[Source data]

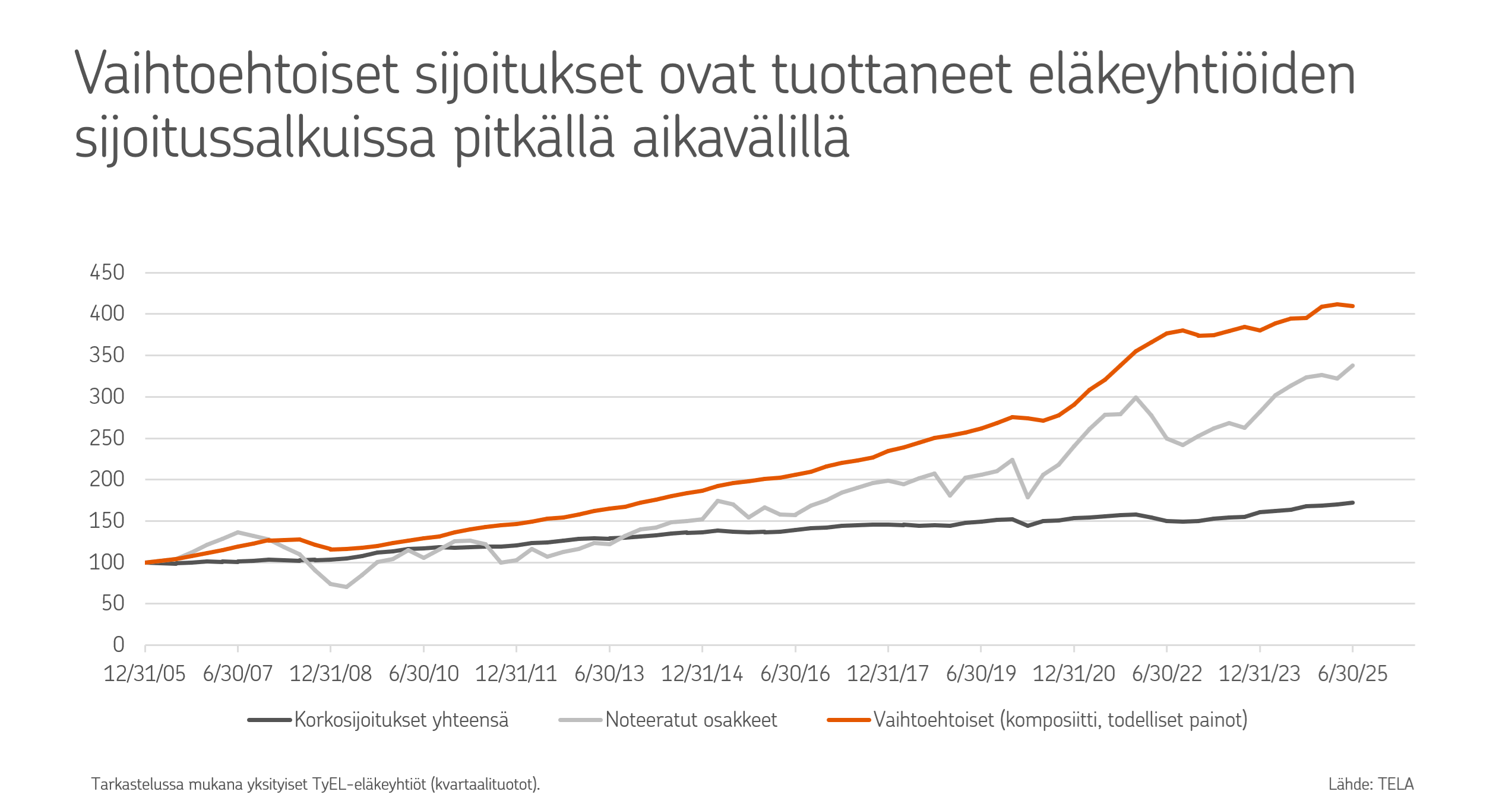 Tiesitkö, että suurten eläkeyhtiöiden sijoituksista jo noin 40 prosenttia kohdistuu vaihtoehtoisiin sijoituksiin?
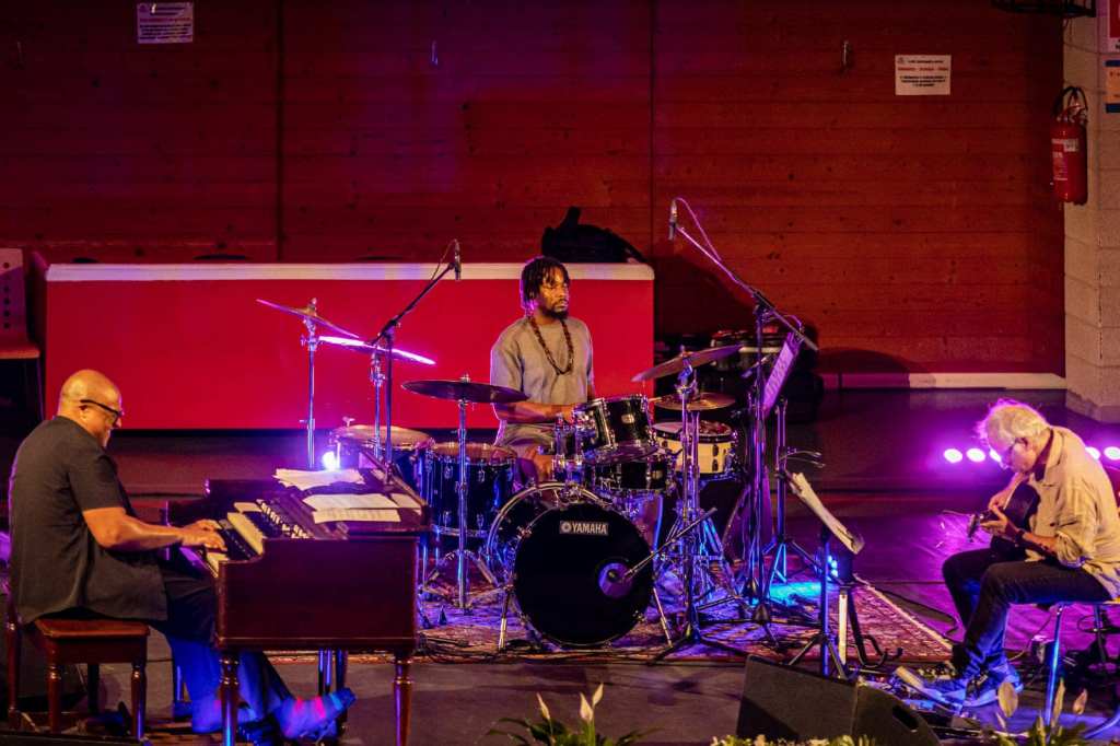 La scaletta ha attraversato gli standard (“Come rain or come shine” ), i classici del soul jazz ispirati dalla chitarra di Grant Green , jazzista assai amato da Ribot che ha omaggiato il gigante di Saint Louis eseguendo due sue composizioni: “Ain’t it funky” , che ha messo a rischio le fondamenta della palestra che ospitava il concerto, e la decontratta ” Grandstand” dall’omonimo Blue Note del ’62. Le venature salsa e latin di Joe Bataan ( “After shower funk” ) e una perla come “Neck bones ” di Gene Ammons, brano in origine donata al groove di Jimmy Smith hanno chiuso un concerto esplosivo, di grande energia e ben connesso con un auditorio che nonostante la location non fosse quella prevista in cartellone, causa meteo, ha reclamato ed ottenuto due lunghi e roventi bis di un Trio dal cuore soul ed anima jazz.
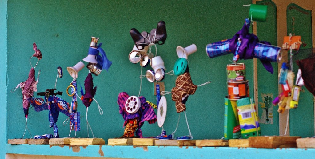 The children plunge right into the activity; they twist and cut the iron wire until it takes the shape that they want. They pierce the plastic and cut the fabric scraps, watching from the corner of their eye what their neighbor is doing and, when they see an idea they like, they copy it or try to improve on it. They bang in the nails, cut cans and tissues and, little by little, they see the results of what they imagined taking shape and are impatient to see their finished creation.

[/Source data]

Description of the task: Only the pictures are to be left out, and all of the data must otherwise be transcribed exactly.

Result of the task:
 Tiesitkö, että suurten eläkeyhtiöiden sijoituksista jo noin 40 prosenttia kohdistuu vaihtoehtoisiin sijoituksiin?
 La scaletta ha attraversato gli standard (“Come rain or come shine” ), i classici del soul jazz ispirati dalla chitarra di Grant Green , jazzista assai amato da Ribot che ha omaggiato il gigante di Saint Louis eseguendo due sue composizioni: “Ain’t it funky” , che ha messo a rischio le fondamenta della palestra che ospitava il concerto, e la decontratta ” Grandstand” dall’omonimo Blue Note del ’62. Le venature salsa e latin di Joe Bataan ( “After shower funk” ) e una perla come “Neck bones ” di Gene Ammons, brano in origine donata al groove di Jimmy Smith hanno chiuso un concerto esplosivo, di grande energia e ben connesso con un auditorio che nonostante la location non fosse quella prevista in cartellone, causa meteo, ha reclamato ed ottenuto due lunghi e roventi bis di un Trio dal cuore soul ed anima jazz.
 The children plunge right into the activity; they twist and cut the iron wire until it takes the shape that they want. They pierce the plastic and cut the fabric scraps, watching from the corner of their eye what their neighbor is doing and, when they see an idea they like, they copy it or try to improve on it. They bang in the nails, cut cans and tissues and, little by little, they see the results of what they imagined taking shape and are impatient to see their finished creation.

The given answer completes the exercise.